Text-to-SQL: A Privacy Nightmare? How to Architect Secure, Enterprise-Grade Text-to-SQL

The conversation is starting to shift. More and more, the biggest objection we hear from investors and CISOs isn't accuracy anymore, it’s liability!

The narrative goes like this: “Connecting an LLM to our enterprise database is a privacy nightmare. We can’t have a stochastic model reading our PII, hallucinating data leaks, or ignoring our access controls.”

They are right to be worried about a raw, unbridled LLM connection.
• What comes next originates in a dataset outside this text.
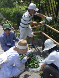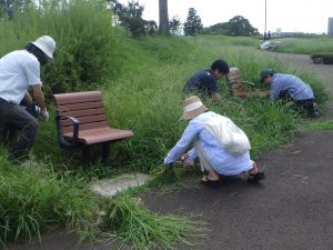 園内のゴミ拾いやベンチ下の草取りを行いました。

But they are wrong about the architecture.

Treating Text-to-SQL as "just a chatbot hooked to a database" is a catastrophic architectural error. In an enterprise setting, the LLM is not a database administrator, it is a translator. And like any untrusted component in a secure stack, it must be wrapped in deterministic guardrails, zero-trust principles, and rigorous state validation.

This essay demystifies how we (and the industry's most robust systems) architect safe "Chat with Your Data" pipelines. It turns out security isn't just a patch; it's actually the key to higher accuracy.

The Architecture of Control

Secure Text-to-SQL relies on a simple premise: The model should never know enough to be dangerous.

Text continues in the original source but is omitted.